— Подожди, давай загадаем… — прошептала Лиза. — Если говорят о хорошем, значит, все будет и у нас хорошо, а если… Слушай…
— А когда же суд над Шуралем, Юрий Аркадьевич? — спросил Лев Аполлонович.
— Как, разве вы не получили еще повестки?
— Нет…
— Удивительно… Это должно быть, водополье задержало… Назначен в понедельник после Фоминой…
— А-а… Слава Богу… Мы оба с Андреем в свидетелях защиты…
— И я… — сказал Сергей Иванович.
— И мать игуменья едет, и все сестры постарше… А как Шураль?
— Покоен и радостен… — своим ласковым говорком сказал Юрий Аркадьевич. — Конечно, его оправдают… Но исход его дела как-то совсем не интересует его: он говорит, что ему все равно, что жить везде можно, потому что Бог везде… Удивительно он стал трогательный…
— Хорошее! — радостно шепнула Лиза Андрею. — Идем… А знаешь что? — проговорила она, когда они отошли от окна. — Завтра мы должны ехать с тобой на могилку к папе, похристосоваться с ним. Хорошо?
— Отлично…
— И яичек с собой крашеных возьмем и птичкам накрошим их на могилку — ужасно, ужасно люблю я этот милый обычай!
Они, улыбаясь смущенно, остановились на пороге столовой, переглянулись.
— Сказать? — спросил он тихонько.
— Скажи! — стыдливо просияла она.
— Папа… Сергей Иванович… Господа… — вдруг оборвался голосом Андрей. — Позвольте представить вам мою невесту…
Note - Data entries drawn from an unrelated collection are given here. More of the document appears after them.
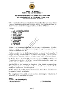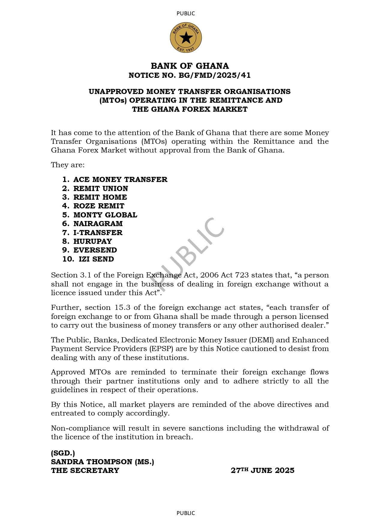 The Bank of Ghana (BoG) has cautioned the public against engaging in  any business transactions with ten  money transfer organisations operating in the remittance and foreign exchange market as they are doing so without regulatory approval of the Bank of Ghana.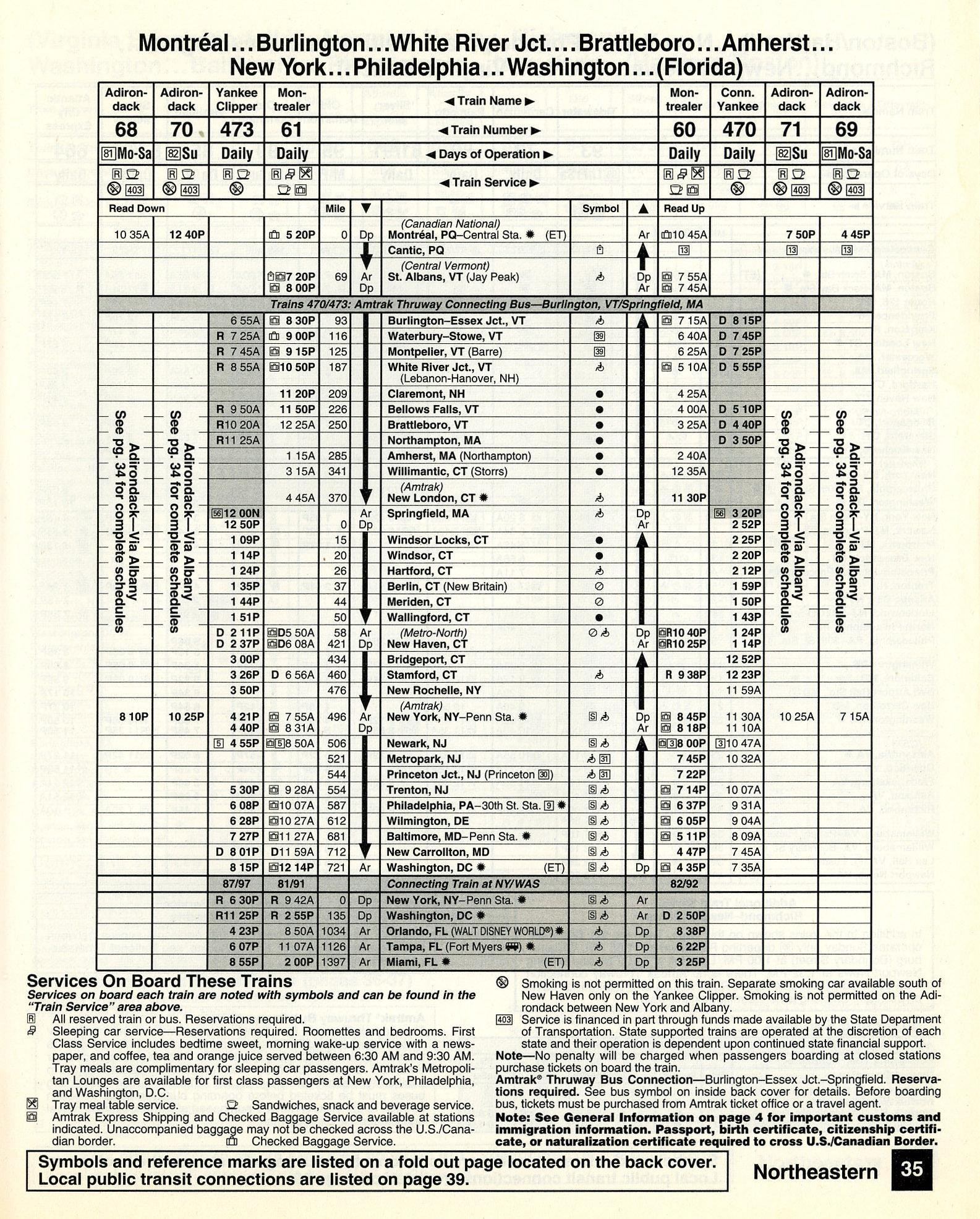 This timetable image is ©1993 National Railroad Passenger Corporation (Amtrak).
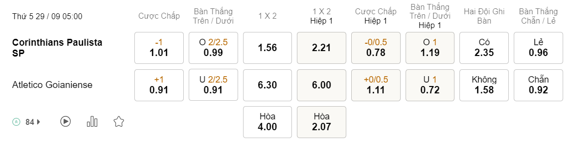 Soi kèo châu Á Corinthians vs Goianiense: 1.01*1*0.91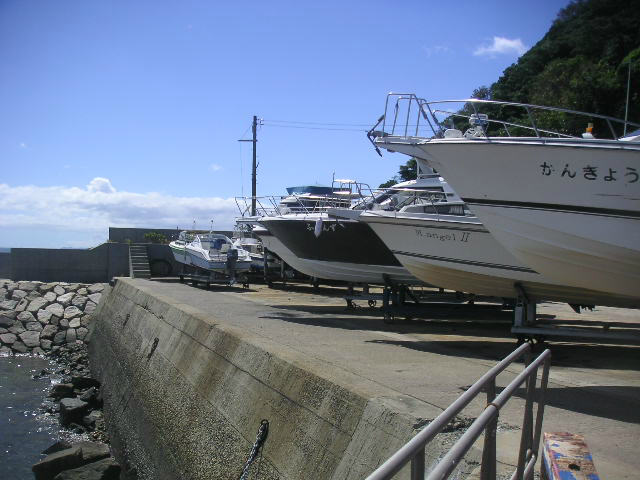 この某マリーナさんにて買取したボートを上架して頂き、トラックで広島まで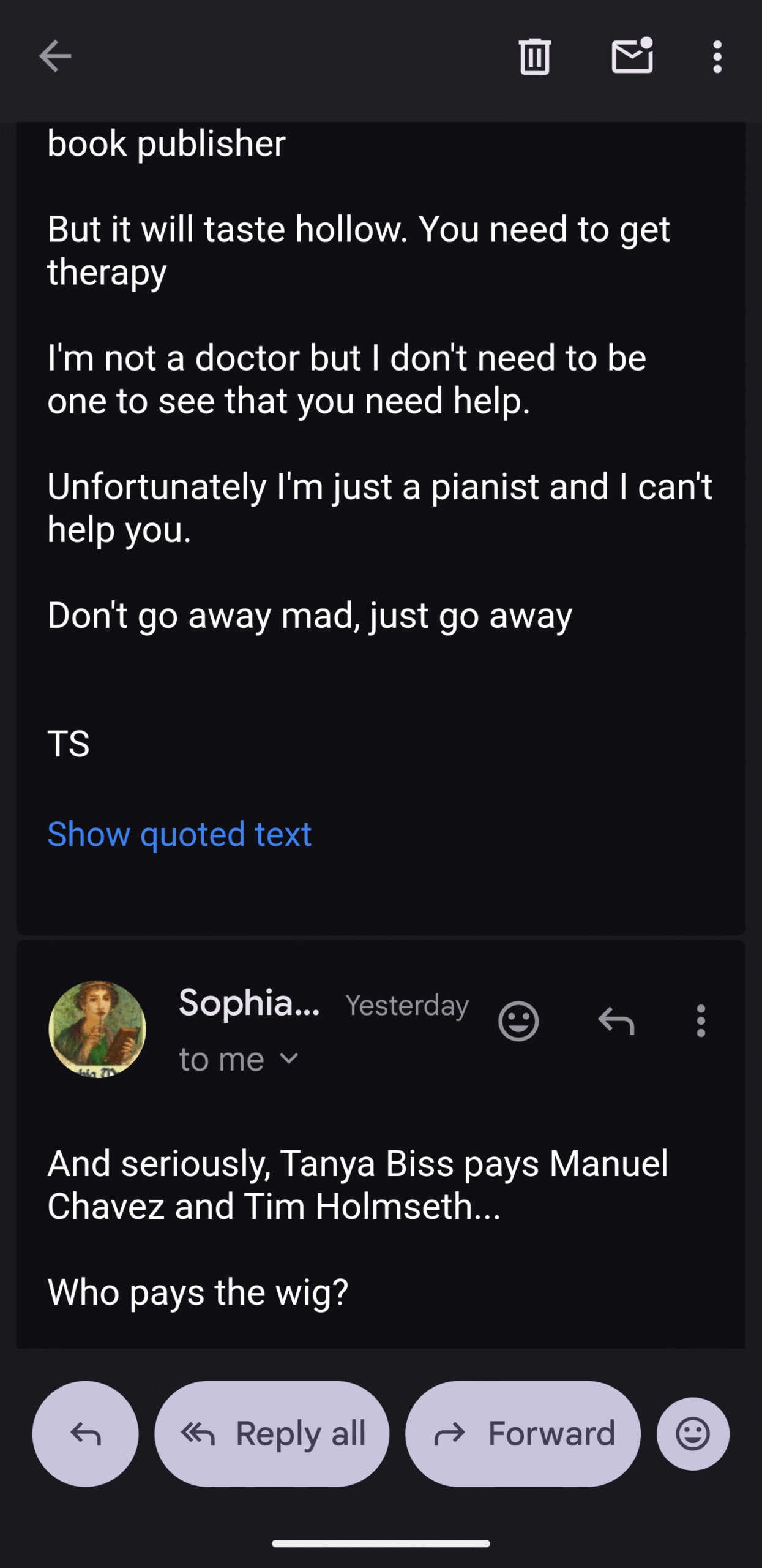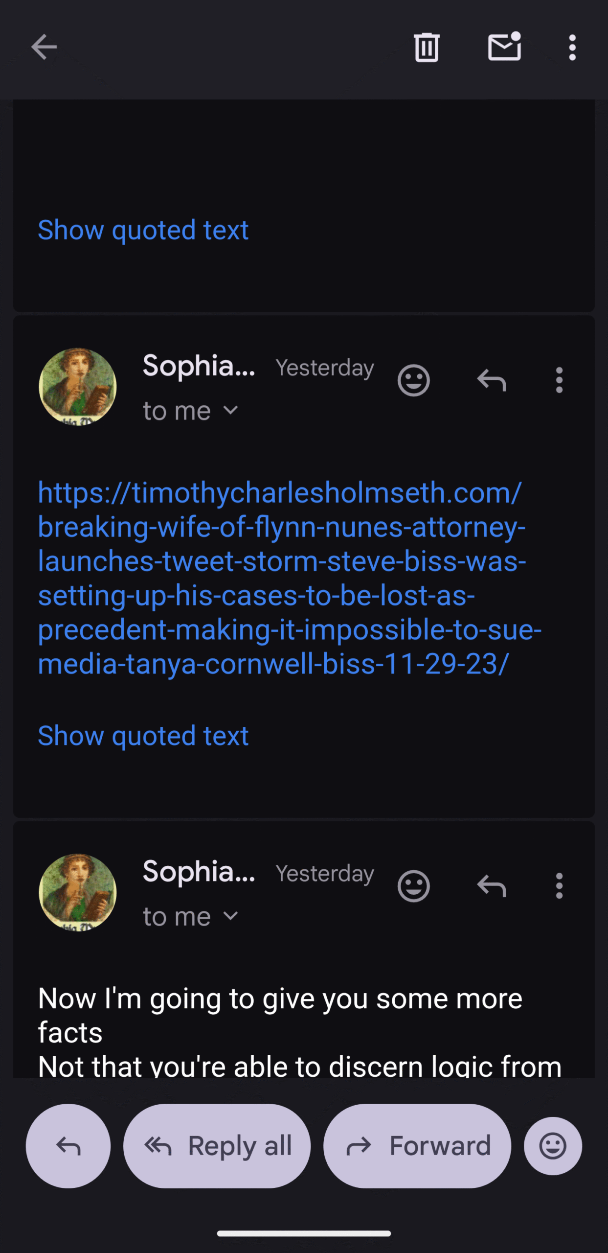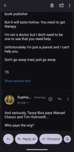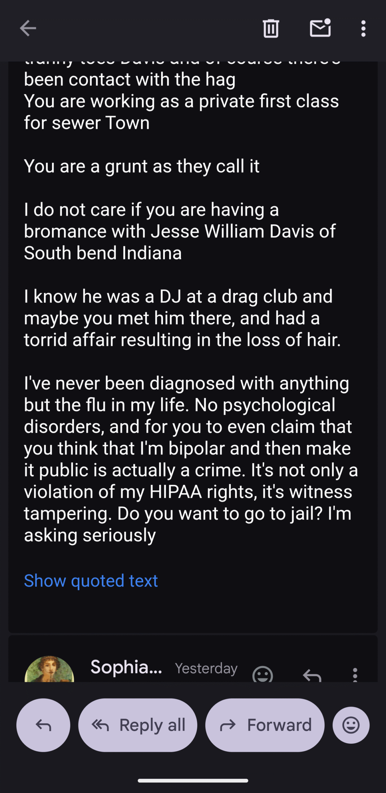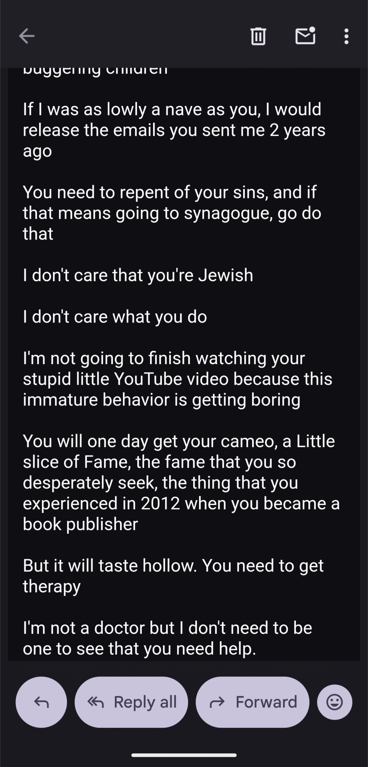 Her urging me to talk to Smokey da Clown (whose first name is Hunter) on the phone brought both Thomas Schoenberger and Gabe Hoffman to try and get me YouTube channel down after Thomas and Smokey got into an altercation in the chat of one of my videos and Thomas and Gabe claimed Smokey was MS13 and was making death threats to them.

Была звездная и морозная, по весеннему, ночь. Широко и привольно разбросались по небесным долинам бесчисленные стада Велесовы. Светлая Мокошь смотрелась в серебряное зеркало Ужвы. И шумел под обрывом высоким только что проснувшийся дед Водяной и плескались мавки-русалки. Разоспавшийся за зиму старый Леший обходил в первый раз дремлющий лес. И запоздалый вальдшнеп протянул, хоркая, над лесной усадьбой. Петро радостно рассматривал новые прейскуранты: детские игрушки, кружева, трости, будильники, чернильницы, духи в граненных флакончиках, кровати, умывальники, телескопы, лупы, очки, пенснэ — всего и не перечтешь! Гаврила усердно промывал и смазывал ружья: молодые господа с невестами своими собирались после полночи на шалаши на тетеревей, на «Лешиху», и надо было все произвести в порядок. За одним из наличников печально нахохлился воробей Васька: еще вечером полетел он, — так, из любопытства больше — посмотреть на разлив Ужвы, вернулся, а около не совсем еще и достроенного гнезда их — лежит, поджав ножки и охолодав уже, его воробьиха. И сколько он ни вертелся круг нее, сколько ни кричал, что жив он, жив, жив, та так и не шелохнулась и сизая пленка затянула ее так еще недавно живые и смышленые такие глазки… Правда, она последние дни была настроена почему-то несколько меланхолически, но все же такого конца Васька никак не ожидал… И он нахохлился и затосковал глубоко, как только может тосковать воробей. Правда, он и раньше видал мертвых воробьев, но то были совсем другие воробьи, которым, может быть, и свойственно умирать, но его, Васькина, воробьиха… Это было совсем непонятно и явно несправедливо…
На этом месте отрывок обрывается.